Drug creation: The ultimate team sport
All of this underlines the point that while Absci offers an amazing set of capabilities to the pharma industry, it will also need to work with a wide range of partners to realize the vision of breakthrough therapeutics at the click of a button, for everyone.
“Drug discovery is a team sport,” says Christian. “There’s no single expert in the world who can capture the entire complexity of this game. And there’s a lot of work along the way, such as pharmacology, toxicology, and pharmacokinetic studies, before you are allowed to step foot into a clinic for human trials. So it must be a team sport.”
Big pharma companies are eager to adopt any technology that will bring down the extraordinary time and cost of making drugs — ten years and a billion dollars to bring just one drug to market not only leads to high drug prices, but it also makes it economically unfeasible for pharma companies to invest into certain therapeutic areas such as novel antiinfectives. But when talking with an upstart like Absci, how do they know it’s the real deal?
“When talking with a potential partner like Absci, biotech and pharma companies need to be able to talk with people who have made their own experiences in the field,” Christian says. “They need to talk to people who have done it at least once or twice in their life, and in terms that are helpful for a biopharma developer and manufacturer, in order to be a credible partner.”
And ultimately, having pharma veterans like Christian at Absci will help guide the application of our in-house AI and synthetic biology competencies toward a broader range of valuable applications for drug developers.
“Today,” he says, “we’re using AI for drug discovery, at the top of the funnel of experiments. Tomorrow, we may be able to take it all the way through the value chain – this includes manufacturing optimization and clinical development strategies. As we continue to build better assay technologies, more predictive model systems and become more systematic in collecting relevant data in manufacturing and clinical development, we may be able to deploy AI models at all stages of biopharma R&D.

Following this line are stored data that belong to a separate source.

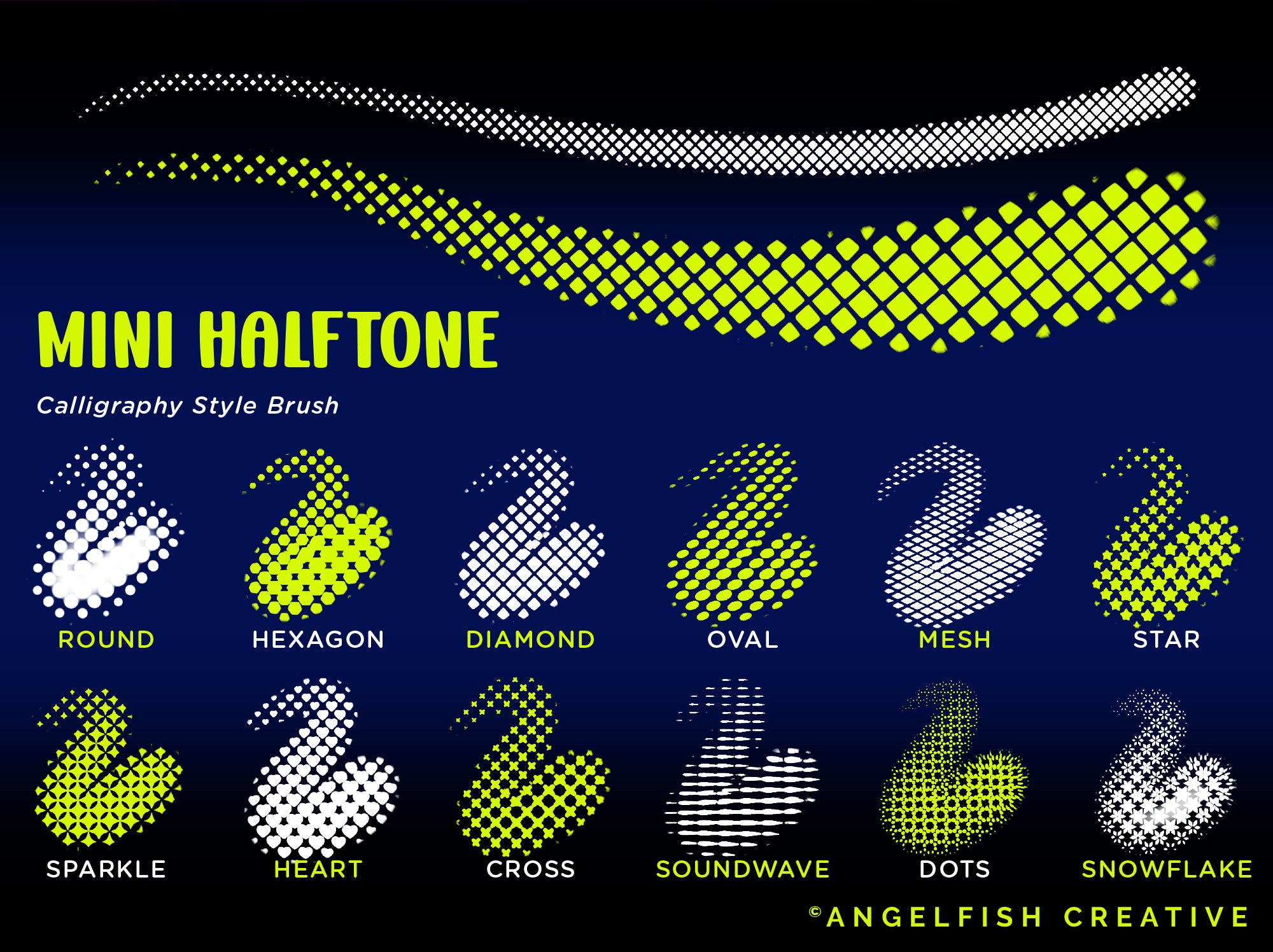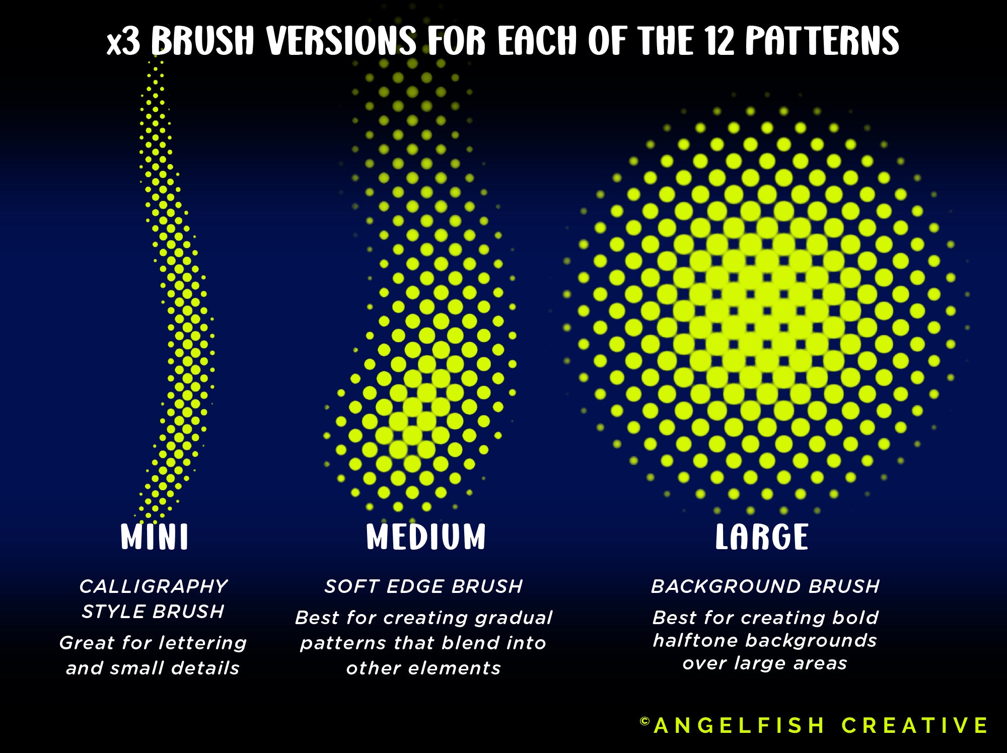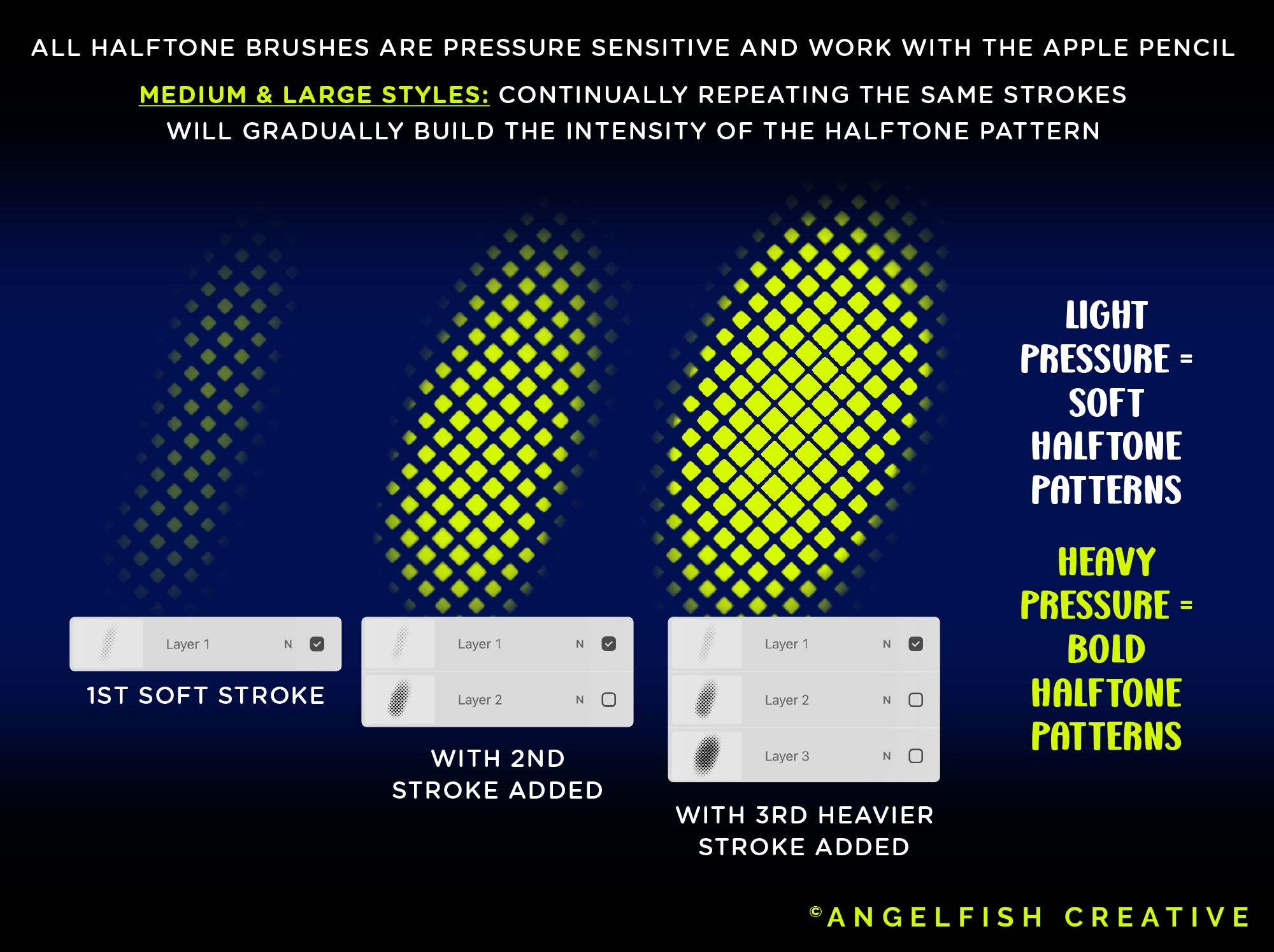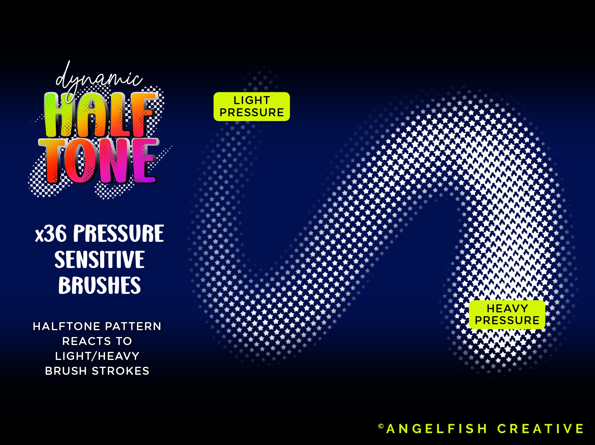 Add halftone details to your next design with our DYNAMIC HALFTONE brushes for Procreate. These specially designed brushes react to light and heavy brush strokes, allowing you to have control of the intensity of the halftone pattern - great for adding texture, lettering or creating a comic book masterpiece!
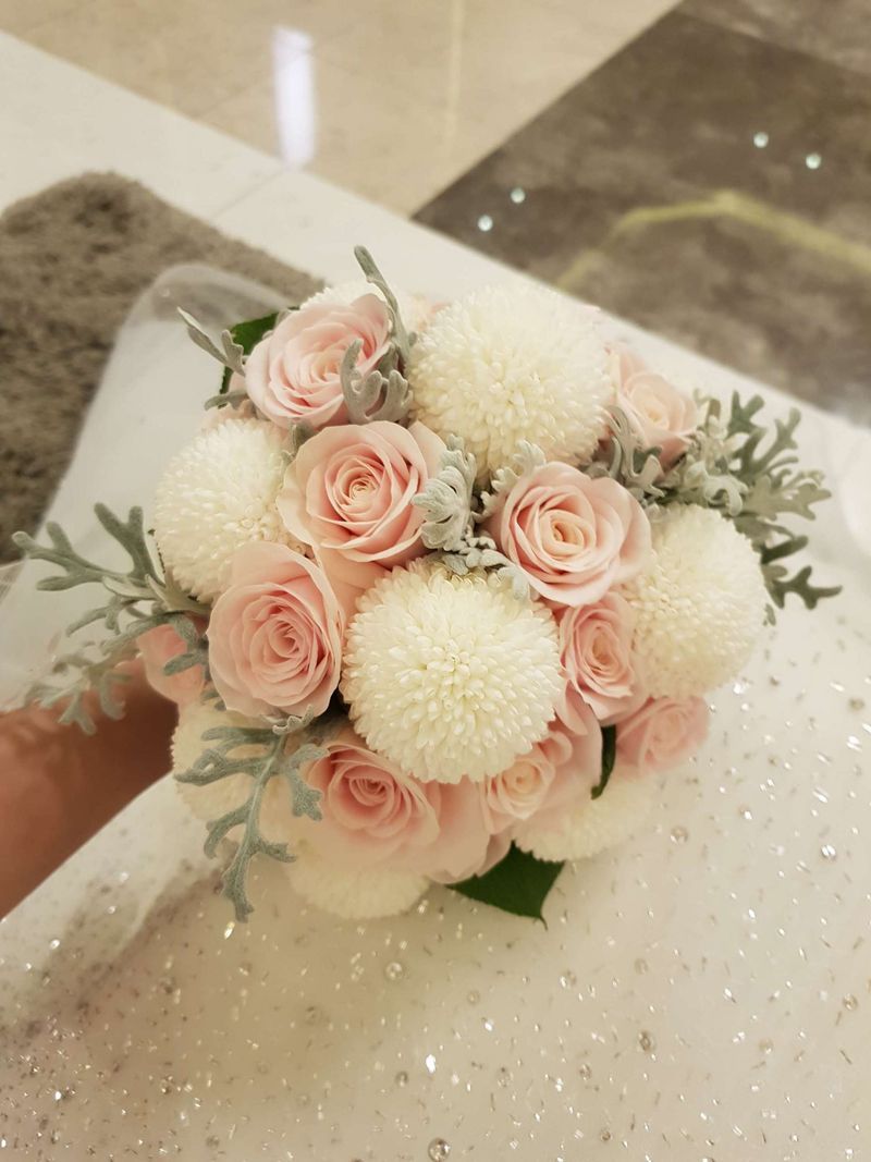 보자마자 반해서 부케에 돈쓰고 싶지않았는데 너무예뻤던 ㅎㅎㅎㅎㅎㅎ그래서 부르트퐁퐁 주문했는데 다들 부케 너무이뿐거 잘 골랐다고 해서 뿌듯했어요 ㅎㅎㅎ 연한핑크라 그런지 너무예뻐서 좋았어요 ㅎㅎㅎ 부케 : 추천♥ 부르트 퐁퐁 으로 구입했어요 퐁퐁꽃 하얀색에 연한핑크가 돋보였던 부케였어요 ㅎㅎ 홀 패키지로 이용해서 부케는 따로 시켰는데 ㅎㅎ이쁘고 신선하게 배달됐어요 ㅎㅎ 가격 : 추천♥ 부케알아보면 거의 20만원선 이더라구요 ㅜㅜ 웨딩홀도 똑같은거 20에 받구요 ㅜㅜ 하지만 여긴 웨딩북 포인트 받은걸로 포인트 써서 10만원초반에 구입했어요 ㅎㅎ 서비스 : 추천♥ 문자 결혼하기 1주일부터 연락주시고 확인 전화 주시고 7시에 메이크업실에서 받았는데 싱싱하게 물묻혀왔더라구요 ㅎㅎ
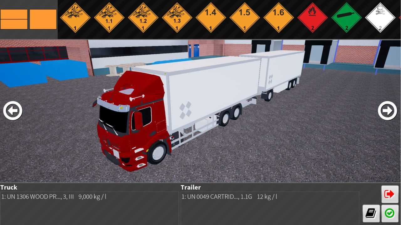 ADR-Labelling teaches the players the basics of markings dangerous goods transport vehicles. Players can either place the markings on pre-made cargo or load the vehicles themselves. Once the cargo has been selected player is tasked to place all the correct orange plates and ADR labels on the vehicle. Game is designed to give additional support and an interactive training platform for people studying for their ADR license.

That, he says, will not just make Absci an incredibly powerful biotech company. It will help make precision medicine really come true.
The toughest job you’ll ever love
If drug creation is so hard, what keeps Christian going?
“It’s the opportunity to bring the smartest minds in AI together with the smartest minds in disease biology, math, pharma, high-throughput screening, you name it,” he says. “Watching people from such different fields coming together and, you know, creating something that hasn’t been done before — I think that’s really exciting.”
“Drug creation is a dream job for me. It’s about making AI real and making it a reality for patients.”